→ **RECORDED INFORMATION**:
-*-*-
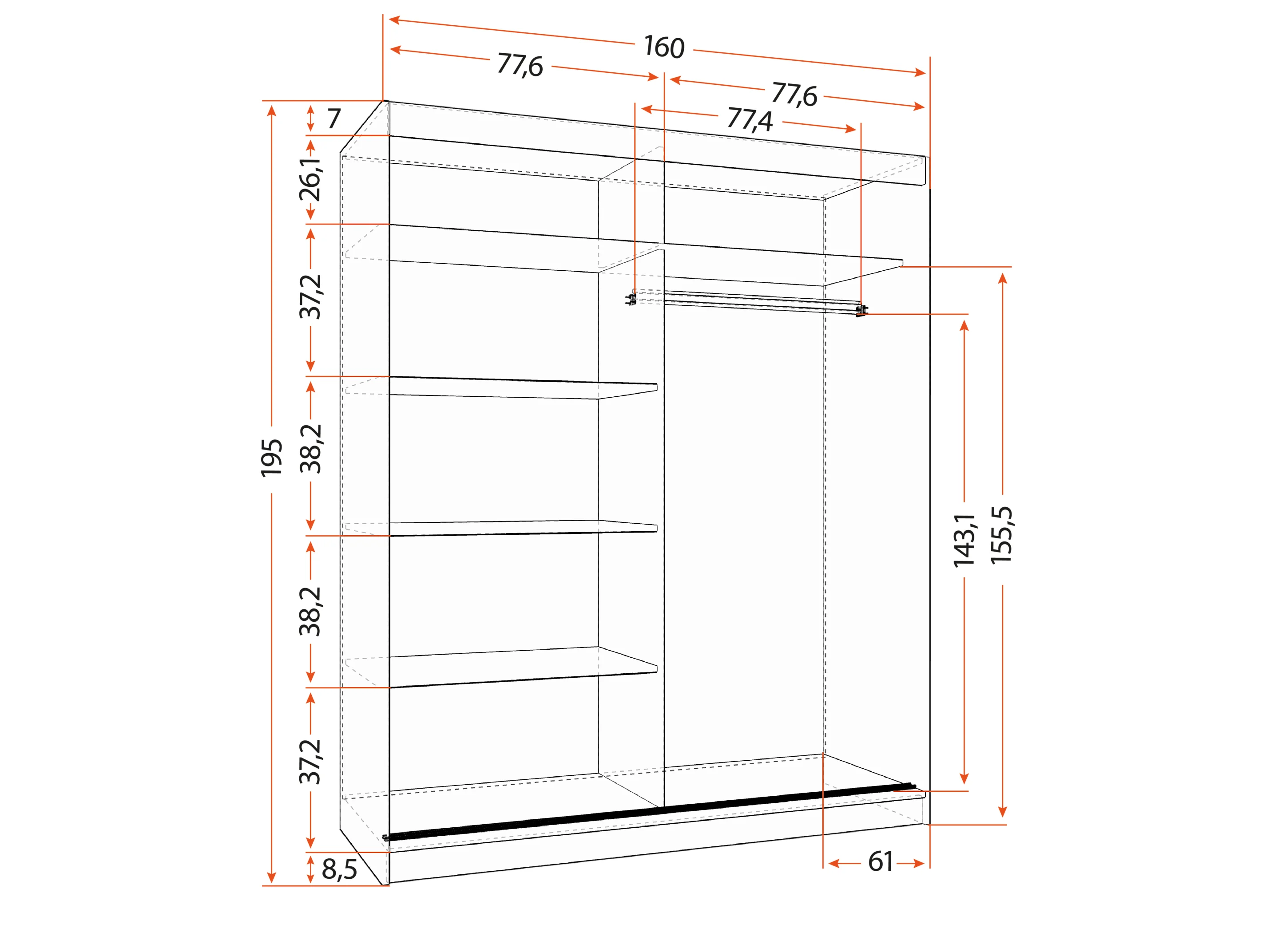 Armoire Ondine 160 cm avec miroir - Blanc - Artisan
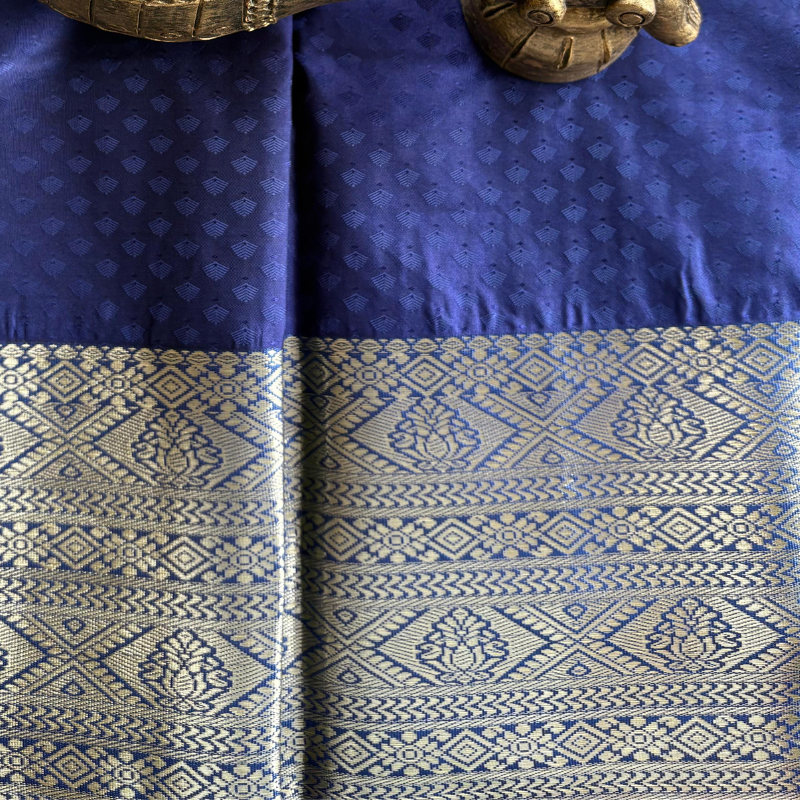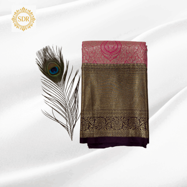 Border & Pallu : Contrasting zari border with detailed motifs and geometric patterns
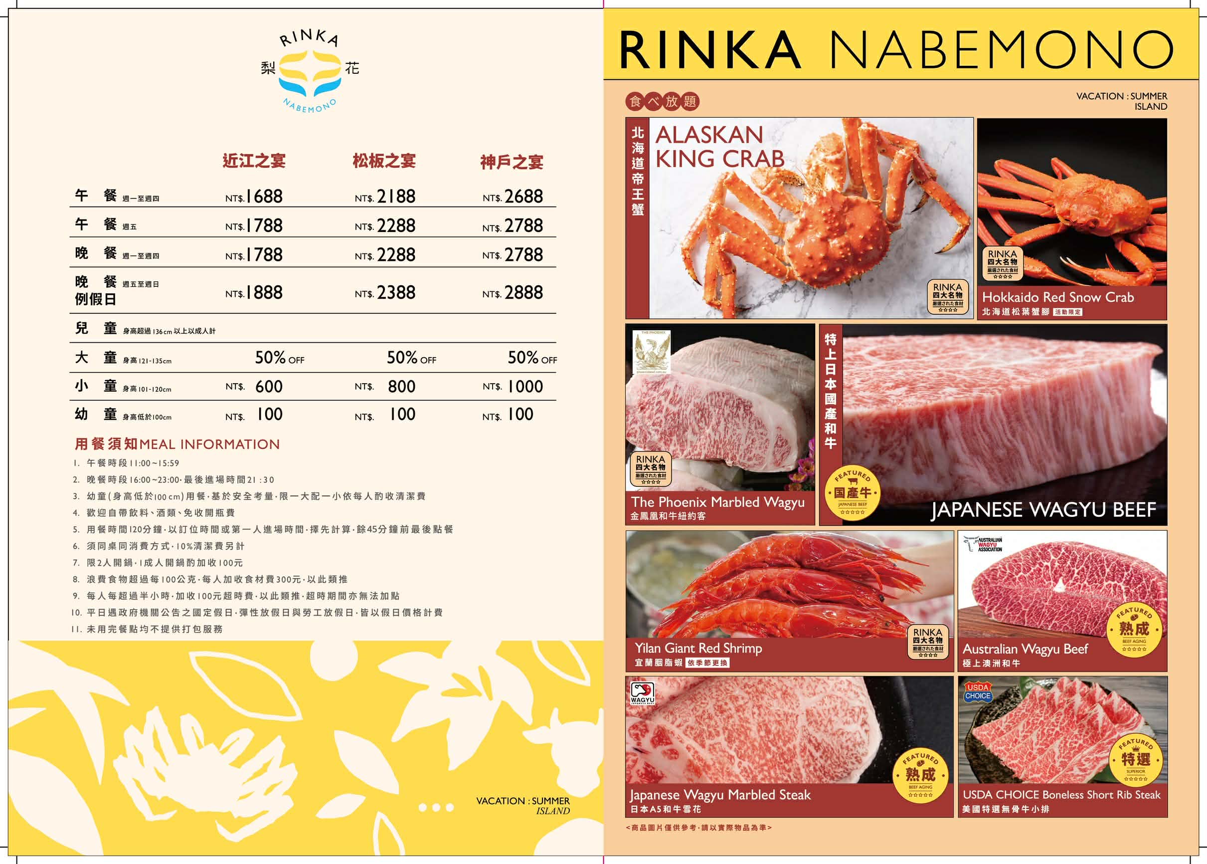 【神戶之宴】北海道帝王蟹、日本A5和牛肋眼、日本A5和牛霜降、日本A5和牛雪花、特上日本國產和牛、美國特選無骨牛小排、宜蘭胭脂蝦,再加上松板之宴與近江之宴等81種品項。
-*-*-
→ **WHAT IS EXPECTED**: Reproduce the material word for word, pictures excluded.

→ **SOLVED PROBLEM**:
 Armoire Ondine 160 cm avec miroir - Blanc - Artisan
 Border & Pallu : Contrasting zari border with detailed motifs and geometric patterns
 【神戶之宴】北海道帝王蟹、日本A5和牛肋眼、日本A5和牛霜降、日本A5和牛雪花、特上日本國產和牛、美國特選無骨牛小排、宜蘭胭脂蝦,再加上松板之宴與近江之宴等81種品項。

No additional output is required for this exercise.